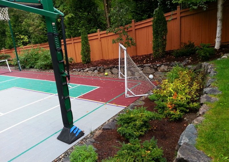 Un área de juegos y deportes puede incluir una cancha de tenis, toboganes y columpios para niños, un sistema de barras horizontales e incluso algunos tipos de máquinas de ejercicios, si el hogar es aficionado al ejercicio en la mañana. Su colocación no es práctica en áreas con un área pequeña. En estos casos, es mejor limitarse a columpios compactos y un tobogán. Las instalaciones deportivas y de entretenimiento se encuentran tradicionalmente en el patio trasero. Generalmente limita con un área de relajación y un jardín.
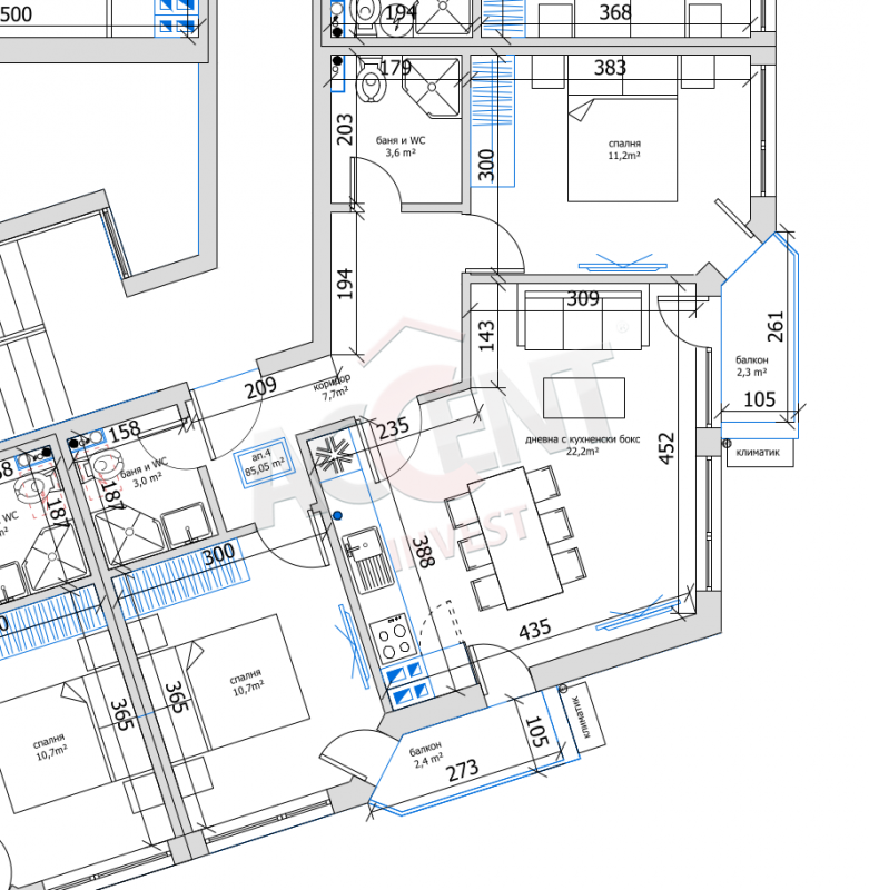 Акцент Инвест ви предлага Тристаен Апартамент с изложение Изток-Югоизток и площ от 85,08 кв.м. находящ се на партерен етаж в сграда на четири етажа.
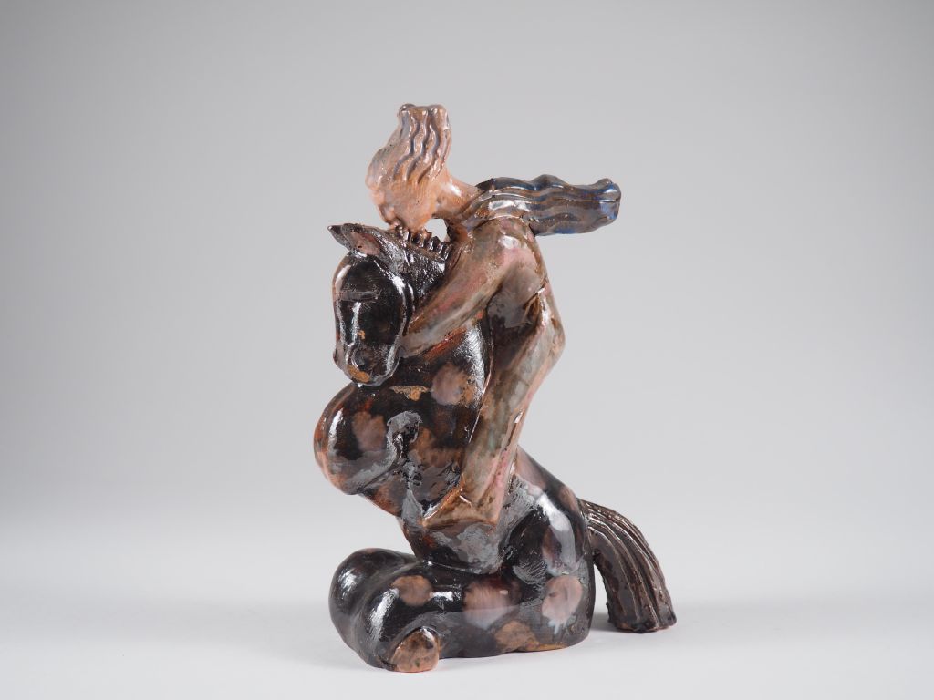 Lot de Henri Paul REY. "Amazone" Sculpture en terre cuite vernissée polychro au prix de 100 à 150 € en vente aux enchères par l'hôtel des ventes Primardeco
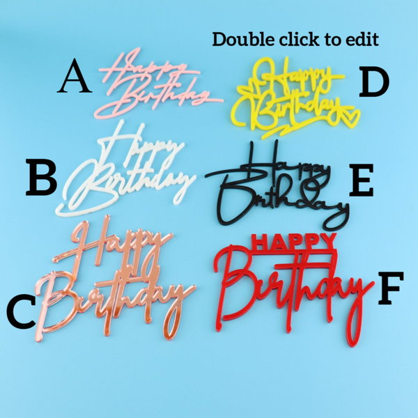 Happy Birthday Cake Charm – 6 Luxury Acrylic Cake Topper Desaigns
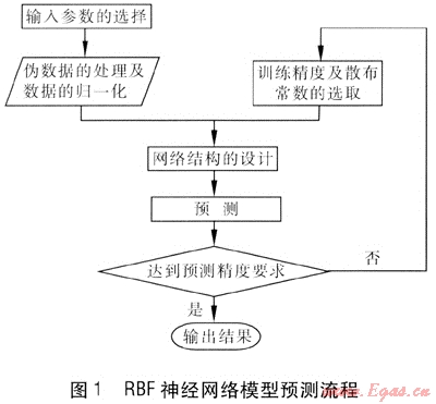 RBF網(wǎng)絡(luò)和普通的前向網(wǎng)絡(luò)有所不同,隱層神經(jīng)元是徑向基神經(jīng)元而不是tansig或者logsig神經(jīng)元。普通前向網(wǎng)絡(luò)中sigmoid神經(jīng)元能夠覆蓋較大的輸入?yún)^(qū)域,但是普通前向神經(jīng)元數(shù)目在訓(xùn)練前就已經(jīng)固定下來。而徑向基神經(jīng)元雖然只對相對較小的區(qū)域產(chǎn)生響應(yīng),但是在輸入?yún)^(qū)間較大時,可以適當?shù)卦黾訌较蚧窠?jīng)元來調(diào)整網(wǎng)絡(luò),從而達到精度要求。且RBF網(wǎng)絡(luò)的設(shè)計比普通前向網(wǎng)絡(luò)訓(xùn)練要省時得多[6]。RBF網(wǎng)絡(luò)模型預(yù)測流程見圖1。
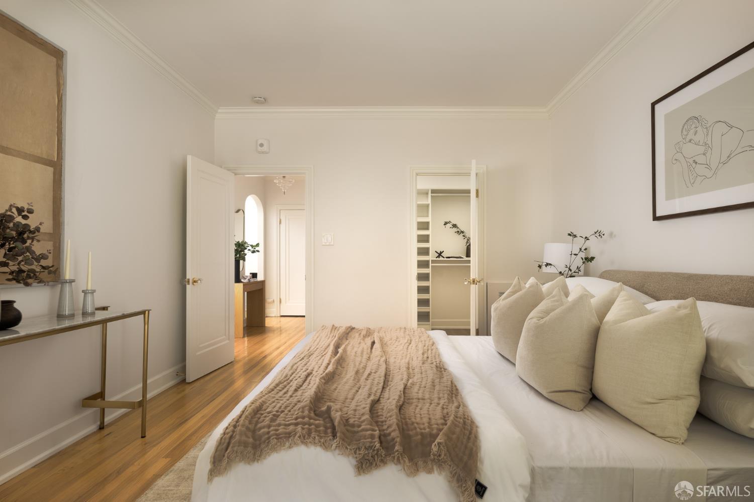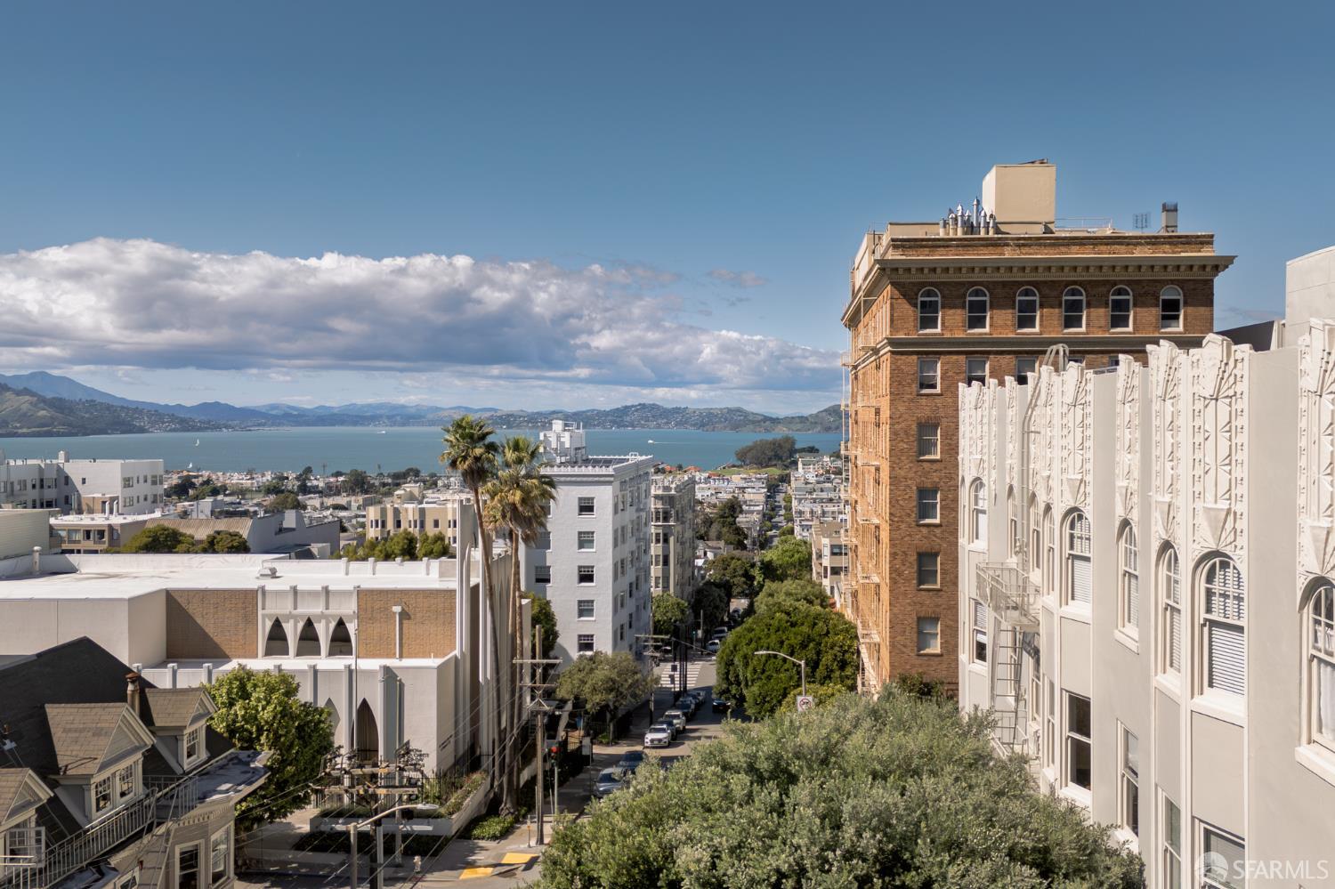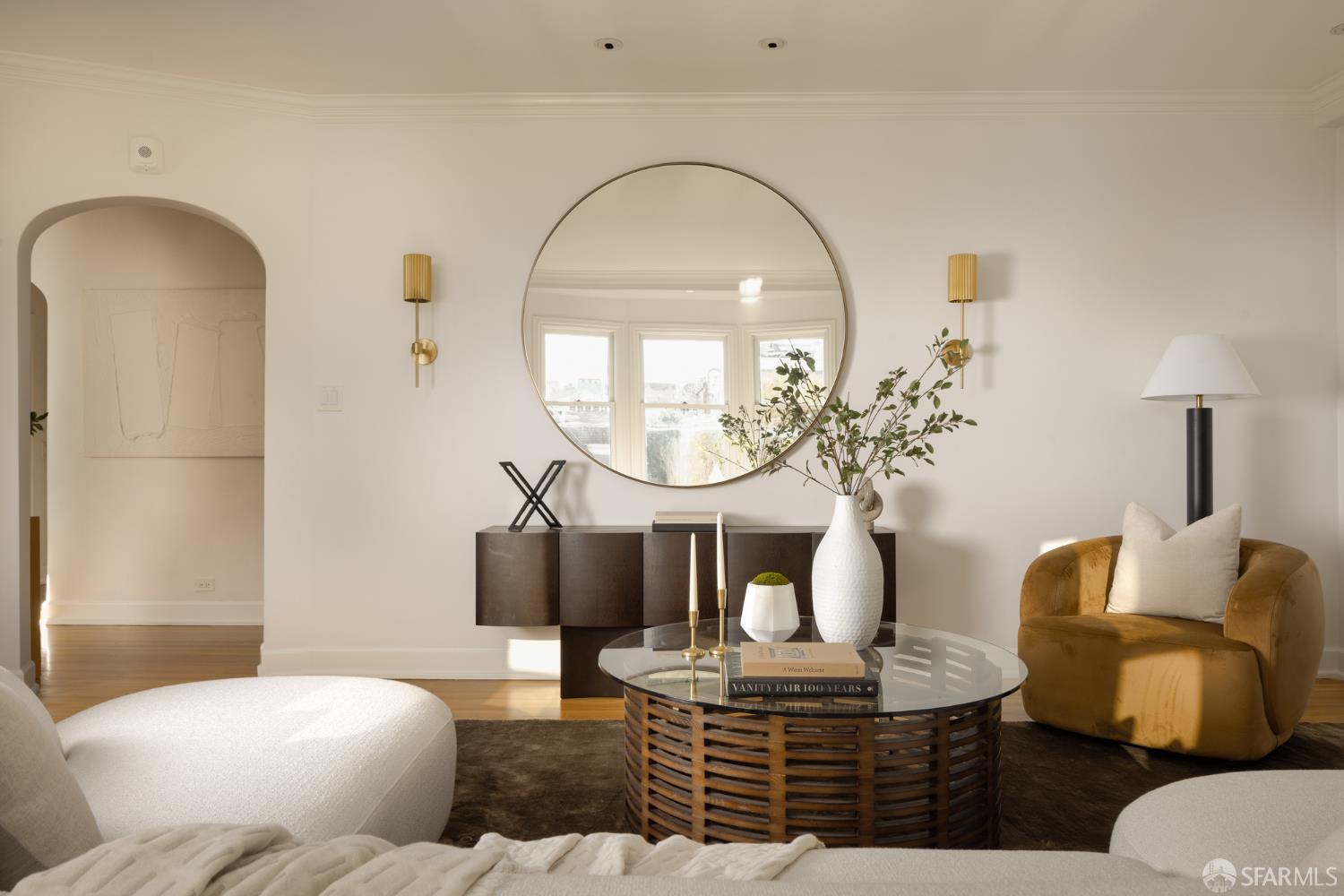 A rare offering set within one of Pacific Heights’ distinguished Art Deco buildings, this reimagined one bedroom residence pairs timeless architecture with elevated modern living. From the opulent lobby with ornately carved ceiling to the veneered birdcage elevator, preserved period details evoke the sophistication of old New York. Perched on the corner of an upper floor, light pours in through an excess of west-facing windows, with outlooks of the bay, high-reaching palms, a peek of the Golden Gate Bridge, and a front row view of jewel-toned evening sunsets. Graceful archways and open-concept living, dining, and kitchen spaces lend an airy elegance to every room. The meticulous remodel was deliberately designed to maximize aesthetic, storage, and little luxuries throughout, with custom cabinetry, Kelly Wearstler lighting, and a separate walk-in closet that was converted into a laundry/mud room. The primary bedroom is generously scaled and complimented by a walk-in closet customized by California Closets, offering rare storage and seamless organization. The spacious bath is equally refined, appointed with a double vanity and high-end finishes that create a sense of indulgence. Additional amenities include an in-unit Miele washer and dryer, private storage, and one-car parking with dedicated EV charging. Residents also enjoy access to a spectacular common roof deck with sweeping views that capture the city’s most iconic vistas. This ideal residence embodies the very best of Pacific Heights living: timeless, polished, and quietly exceptional.
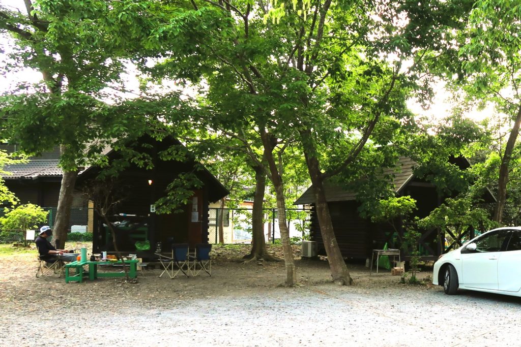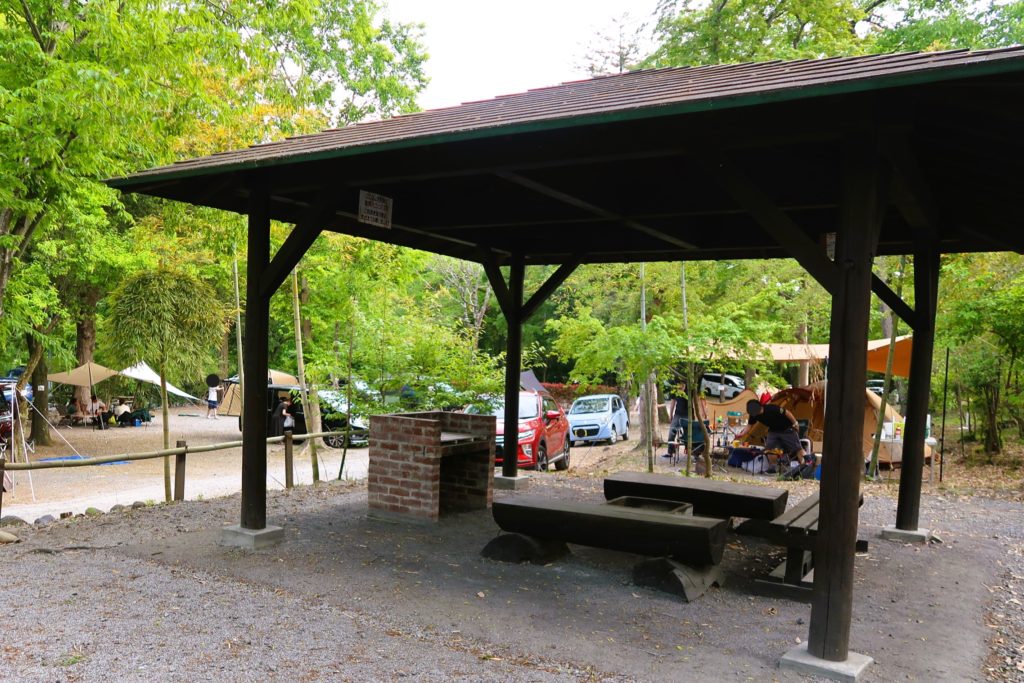 その他、中央に焚火台のある東屋(予約制・有料)とラフティング受付棟があります。
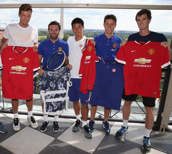 Японский теннисист Кеи Нисикори встретился с игроками "Манчестер Юнайтед", который проводит турне по США, информирует Yahoo! Sports. Он пообщался с Хуаном Матой, Андером Эррерой и Антонио Валенсией. Теннисист и футболисты обменялись сувенирами – Нисикори подарил игрокам "МЮ" ракетки и теннисные мячи, а в ответ получил форму английского клуба.
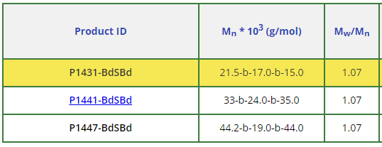 聚(1,4-丁二烯)-b-聚(苯乙烯)-b-聚(1,4-丁二烯)產(chǎn)品:

────────────────────────────────────────

TASK DETAILS.
Pictures are to be left out. Write out only the lines above starting at the one with "Акцент Инвест ви" and ending at the one with "RBF網(wǎng)絡(luò)和普通的", both lines included, exactly.

RESPONSE BELOW.
 Акцент Инвест ви предлага Тристаен Апартамент с изложение Изток-Югоизток и площ от 85,08 кв.м. находящ се на партерен етаж в сграда на четири етажа.
 Lot de Henri Paul REY. "Amazone" Sculpture en terre cuite vernissée polychro au prix de 100 à 150 € en vente aux enchères par l'hôtel des ventes Primardeco
 Happy Birthday Cake Charm – 6 Luxury Acrylic Cake Topper Desaigns
 RBF網(wǎng)絡(luò)和普通的前向網(wǎng)絡(luò)有所不同,隱層神經(jīng)元是徑向基神經(jīng)元而不是tansig或者logsig神經(jīng)元。普通前向網(wǎng)絡(luò)中sigmoid神經(jīng)元能夠覆蓋較大的輸入?yún)^(qū)域,但是普通前向神經(jīng)元數(shù)目在訓(xùn)練前就已經(jīng)固定下來。而徑向基神經(jīng)元雖然只對相對較小的區(qū)域產(chǎn)生響應(yīng),但是在輸入?yún)^(qū)間較大時,可以適當?shù)卦黾訌较蚧窠?jīng)元來調(diào)整網(wǎng)絡(luò),從而達到精度要求。且RBF網(wǎng)絡(luò)的設(shè)計比普通前向網(wǎng)絡(luò)訓(xùn)練要省時得多[6]。RBF網(wǎng)絡(luò)模型預(yù)測流程見圖1。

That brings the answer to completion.